Supplied data –
────────

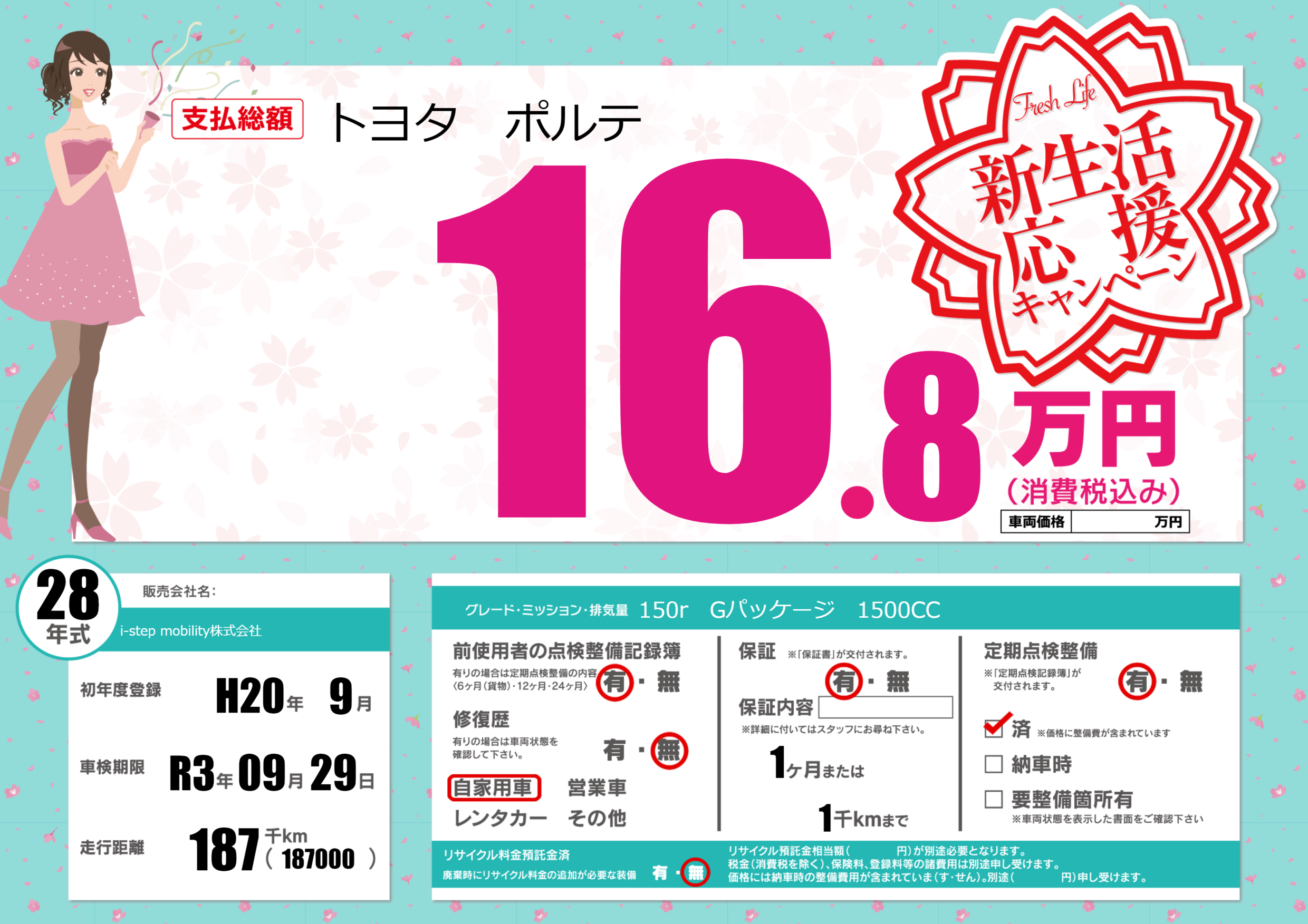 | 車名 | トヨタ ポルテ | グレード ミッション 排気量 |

────────

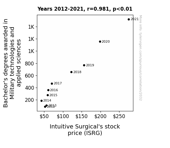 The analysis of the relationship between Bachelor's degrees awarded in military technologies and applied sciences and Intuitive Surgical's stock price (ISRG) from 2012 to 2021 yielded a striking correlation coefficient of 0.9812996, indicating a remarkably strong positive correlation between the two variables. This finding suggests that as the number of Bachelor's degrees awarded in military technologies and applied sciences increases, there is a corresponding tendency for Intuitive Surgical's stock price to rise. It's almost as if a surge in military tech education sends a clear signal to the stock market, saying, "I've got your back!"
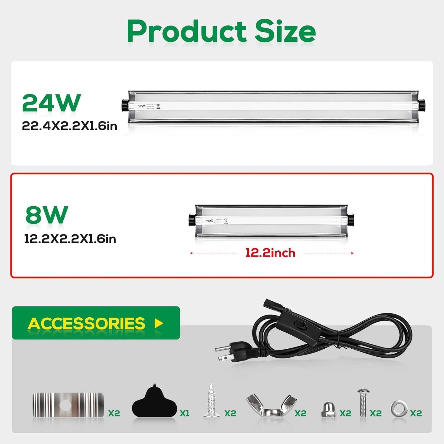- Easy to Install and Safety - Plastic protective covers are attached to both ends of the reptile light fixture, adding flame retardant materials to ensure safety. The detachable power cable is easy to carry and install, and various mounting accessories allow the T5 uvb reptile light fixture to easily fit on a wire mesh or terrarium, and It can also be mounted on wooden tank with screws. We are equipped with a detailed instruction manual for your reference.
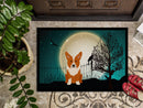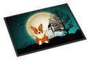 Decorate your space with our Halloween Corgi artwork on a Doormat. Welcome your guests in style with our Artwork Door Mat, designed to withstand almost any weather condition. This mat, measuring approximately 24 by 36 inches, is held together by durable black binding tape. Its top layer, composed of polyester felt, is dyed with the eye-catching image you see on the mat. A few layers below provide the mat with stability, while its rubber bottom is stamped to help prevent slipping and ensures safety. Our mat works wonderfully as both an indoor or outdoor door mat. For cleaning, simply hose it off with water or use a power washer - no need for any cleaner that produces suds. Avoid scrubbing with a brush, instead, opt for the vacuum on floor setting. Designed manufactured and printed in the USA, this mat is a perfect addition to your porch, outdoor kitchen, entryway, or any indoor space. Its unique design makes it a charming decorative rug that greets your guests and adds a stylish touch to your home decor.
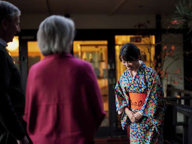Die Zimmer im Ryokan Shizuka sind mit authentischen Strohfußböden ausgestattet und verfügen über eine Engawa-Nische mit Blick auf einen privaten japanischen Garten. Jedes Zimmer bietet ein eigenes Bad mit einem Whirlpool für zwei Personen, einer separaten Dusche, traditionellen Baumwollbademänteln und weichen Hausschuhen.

────────

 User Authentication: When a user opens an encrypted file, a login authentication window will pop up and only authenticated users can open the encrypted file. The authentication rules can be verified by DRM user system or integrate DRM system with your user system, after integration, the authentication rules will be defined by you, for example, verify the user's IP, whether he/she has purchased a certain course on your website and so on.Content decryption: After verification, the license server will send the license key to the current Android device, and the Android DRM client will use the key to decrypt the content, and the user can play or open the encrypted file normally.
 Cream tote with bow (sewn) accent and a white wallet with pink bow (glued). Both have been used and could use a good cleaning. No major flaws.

────────

Aim of the task – The lines above from the line with "- Easy to Install" through the line with "Decorate your space" are to be given again word for word, with no pictures among them.

Expected answer –
- Easy to Install and Safety - Plastic protective covers are attached to both ends of the reptile light fixture, adding flame retardant materials to ensure safety. The detachable power cable is easy to carry and install, and various mounting accessories allow the T5 uvb reptile light fixture to easily fit on a wire mesh or terrarium, and It can also be mounted on wooden tank with screws. We are equipped with a detailed instruction manual for your reference.
 Decorate your space with our Halloween Corgi artwork on a Doormat. Welcome your guests in style with our Artwork Door Mat, designed to withstand almost any weather condition. This mat, measuring approximately 24 by 36 inches, is held together by durable black binding tape. Its top layer, composed of polyester felt, is dyed with the eye-catching image you see on the mat. A few layers below provide the mat with stability, while its rubber bottom is stamped to help prevent slipping and ensures safety. Our mat works wonderfully as both an indoor or outdoor door mat. For cleaning, simply hose it off with water or use a power washer - no need for any cleaner that produces suds. Avoid scrubbing with a brush, instead, opt for the vacuum on floor setting. Designed manufactured and printed in the USA, this mat is a perfect addition to your porch, outdoor kitchen, entryway, or any indoor space. Its unique design makes it a charming decorative rug that greets your guests and adds a stylish touch to your home decor.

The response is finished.